The No-win Proposition of John Kelly’s White House Tenure—Succeed or Fail, America Still Loses

by Kerry Eleveld –

John Kelly, a former Marine general, found the White House he is now overseeing unseemly. The New York Times writes:

In his six months as Homeland Security secretary, John F. Kelly often described the White House as one of the most dysfunctional organizations he had ever seen, complained to colleagues and allies about its meddling, incompetence and recklessness, and was once so angry he briefly considered quitting.

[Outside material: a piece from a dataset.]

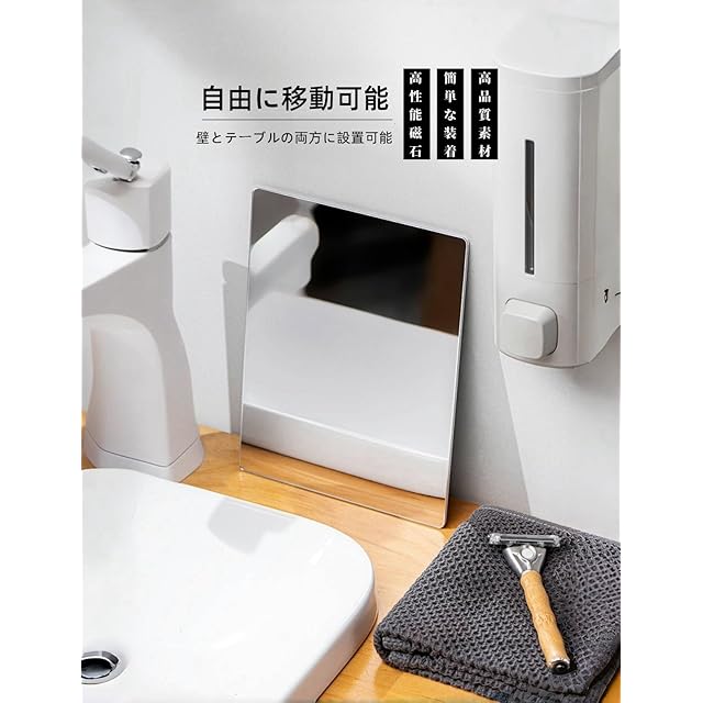 </b>「Giitoo 磁性镜子」是一款兼具功能性和安全性的浴室用镜。 <br/>※注意事項 <br/> 磁石対応壁面の確認 <br/>・設置前に壁面が「磁石が吸着する材質(鉄製など)」か必ず確認してください。 <br/> 設置前の壁面準備 <br/>・ほこり・水分・油分を拭き取り、完全に乾燥させてから設置してください。 <br/>・凹凸がある壁面では磁石の吸着力が弱まるため、平滑な面を選びましょう。 <br/> メンテナンスのポイント <br/>・鏡を外す際は「横にスライド」させて剥がすと、壁面傷つきを軽減できます。 <br/> 禁止事項 <br/>・磁石部分にドライヤーの熱風を直接当てないでください(変形の原因になります)。 <br/>・鏡の表面を強く押し付けたり、重い物をぶら下げないでください。 <br/>※トラブル回避のヒント <br/>浴室使用時は換気を充分に行い、マグネット部分の結露をこまめに拭き取りましょう。

Yet after months of entreaties from the man who created and fostered all that dysfunction Kelly despised, he finally accepted a position that will most certainly test his integrity, his leadership skills and his depth of commitment to country. He can count on that because Donald Trump manages to bring everything he touches down to the depths of his low-level vibration—he is currently destroying U.S. standing in the world at record pace. Still, Kelly is reportedly giving it his Marine best.

Mr. Kelly cuts off rambling advisers midsentence. He listens in on conversations between cabinet secretaries and the president. He has booted lingering staff members out of high-level meetings, and ordered the doors of the Oval Office closed to discourage strays. He fired Anthony Scaramucci, the bombastic New Yorker who was briefly the communications director, and has demanded that even Mr. Trump’s family, including his daughter Ivanka Trump and son-in-law, Jared Kushner, check with him if they want face time with the president.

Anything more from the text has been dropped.